I saved this as training.data

With that, everything is ready to start training:

darknet detector train training.data yolov3.cfg darknet53.conv.74

During training, two relevant types of output are produced:

Region 106 Avg IOU: 0.099362, Class: 0.615384, Obj: 0.388820, No Obj: 0.440194, .5R: 0.000000, .75R: 0.000000,  count: 29
1: 697.997437, 697.997437 avg, 0.000000 rate, 1.173476 seconds, 32 images

The first type, those that start with “Region”, show how well the model is performing. The .5R and .75R numbers show what percentage of detections are at least 50% or least 75% overlapping with the ground truth in the dataset labels.

The second type of output starts with a number, showing iteration count, essentially how long training has been running.

Darknet saves the model every 100 iteration until iteration 1000, then every 10000 iterations, so try and stop after one of these thresholds if manually stopping early.

I ended up running the training for 30000 iterations, taking about 16 hours total.

The trained model file in the folder specified by the configuration made earlier, in my case backup/, with the filename yolov3_30000.weights.

Converting the model

To be able to use the DPU for inference, several conversion steps will need to be used.

First is to convert the format used by Darknet to one readable by Keras.

For this, I used a script in https://github.com/qqwweee/keras-yolo3

python convert.py yolov3.cfg backups/yolov3_30000.weights yolo.h5

This produces a .h5 file easily readable by Keras.

The next step is to convert to the “frozen graph” format.

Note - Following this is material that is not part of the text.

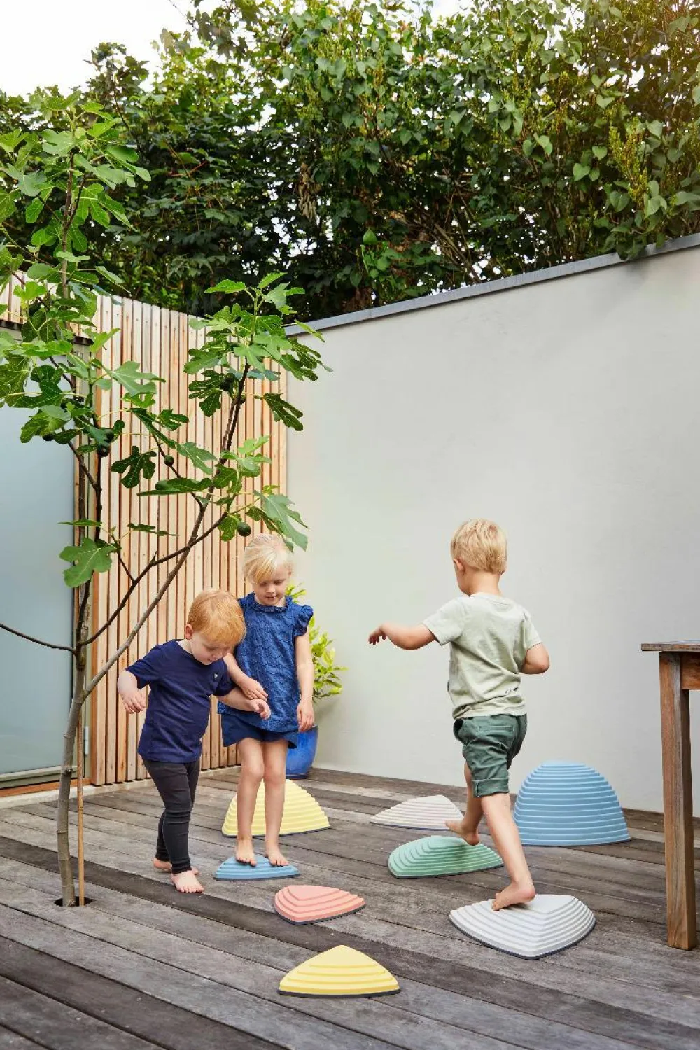 Der er skridsikkert gummi under hver af toppene. De er lavet af slidstærkt og allergivengligt plastmateriale.

This is done similarly to the previous step, using a script(yolo_keras/keras_to_tensorflow.py) from this repo: https://github.com/wutianze/dnndk-pynqz2

python keras_to_tensorflow.py --input_model yolo.h5 --output_model yolo.pb

In this format, the Xilinx DNNDK tools can now work with the model.

Quantization

The model needs to be quantized to use int8 instead of float32 for the DPU. This isn’t as simple as just converting every float32 in the weights to int8.

Xilinx’ DNNDK provides the decent_q program to do this quantization.

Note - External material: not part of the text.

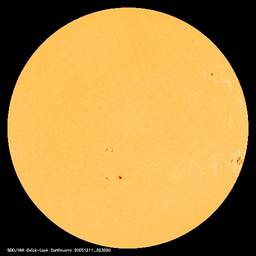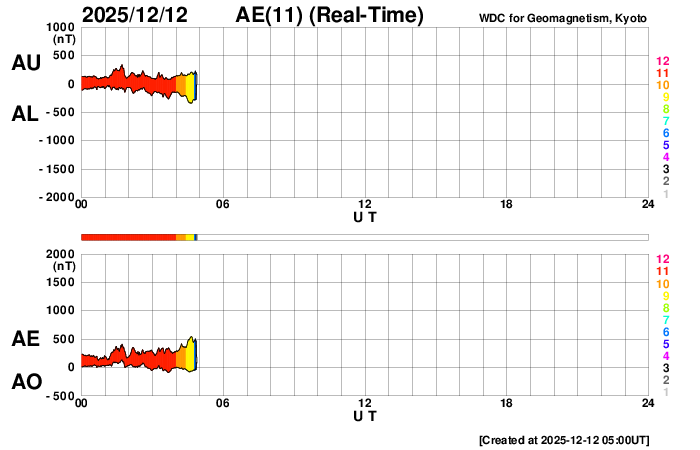 2025/12/12 14:18 更新 太陽風磁場の強まりは下がって来ました。速さは平均的な状態です。 担当 篠原 太陽風の速度は、410km/秒から450km/秒に少し上がっています。 速さとしては平均的な状態です。 磁場強度は、昨夜までは20nTに強まっていましたが、 今朝にかけて10nTに下がり、現在もこの値です。 値は下がりましたが、強まった状態は続いています。 磁場の南北成分は、グラフの前半は北向きでしたが、 後半から南向きになって、-10nT近い強まりになっています。 磁気圏の活動は限定的で、 AE指数は、グラフの後半に1300nTの大きい変化が起きていますが、 その前後は小さい変化に留まっています。 GOES衛星SUVI 195では、 北半球のコロナホールは西側(右側)に進み、 明日くらいから影響が始まるかもしれません。 広がりは高緯度側に伸びて、東側(左側)で再び低緯度側に下がっています。 この間、太陽風の速度はどのように変化するでしょうか。 太陽は、南西の端(右下)に達した4294黒点群で、 C9.7と大きい小規模フレアが発生しています。 また、隣の4296群で、 ちょうど今、M2.0の中規模フレアが発生しました。 X線グラフの最後の高まりです。 これらの領域が太陽の向こう側に進むと、 太陽は穏やかになりそうです。

First, we need to find the names of the input and output tensors, the following command lists them:

$ decent_q inspect --input_frozen_graph=yolo.pb
Op types used: 453 Const, 366 Identity, 75 Conv2D, 74 Mul, 72 FusedBatchNorm, 72 Maximum, 23 Add, 5 Pad, 3 BiasAdd, 2 ConcatV2, 2 ResizeNearestNeighbor, 2 Shape, 2 StridedSlice, 1 Placeholder

Found 1 possible inputs: (name=input_1, type=float(1), shape=[?,?,?,3])
Found 3 possible outputs: (name=conv2d_59/BiasAdd, op=BiasAdd) (name=conv2d_67/BiasAdd, op=BiasAdd) (name=conv2d_75/BiasAdd, op=BiasAdd)

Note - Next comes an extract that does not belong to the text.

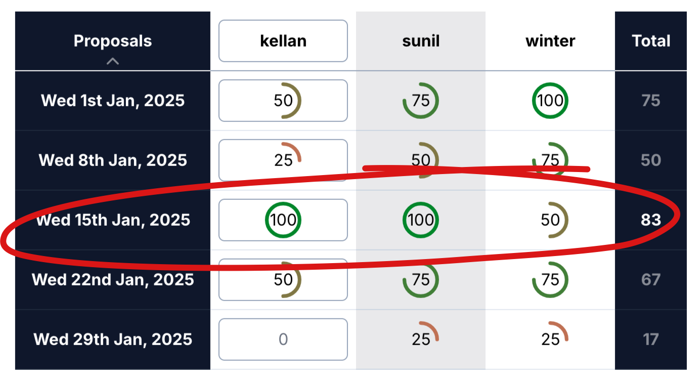 JustMeet.io allows attendees to specify how convenient each proposition is on a scale of 0-100. This represents the percentage likelihood they would attend.

The input tensor name is therefore “input_1”, and the output tensors are “conv2d_59”, “conv2d_67”, and “conv2d_75”.

The quantization process also requires a dataset(or at least images) to test the model during quantization, and a helper script to load and resize these images.

The helper script is “graph_input_fn.py” from the same place as the keras_to_tensorflow.py script used previously.

I changed a variable inside the script to point to my folder of training images, then ran this command to start quantization:

decent_q quantize \
  --input_frozen_graph ./yolo.pb \
  --input_nodes input_1 \
  --input_shapes ?,608,608,3 \
  --output_nodes "conv2d_59/BiasAdd,conv2d_67/BiasAdd,conv2d_75/BiasAdd" \
  --method 1 \
  --input_fn graph_input_fn.calib_input \
  --gpu 0 \
  --calib_iter 100

After about an hour of waiting, the quantized model is available in the quantize_results folder.

This step also benefits from having a GPU, running on CPU would’ve taken about 9 hours.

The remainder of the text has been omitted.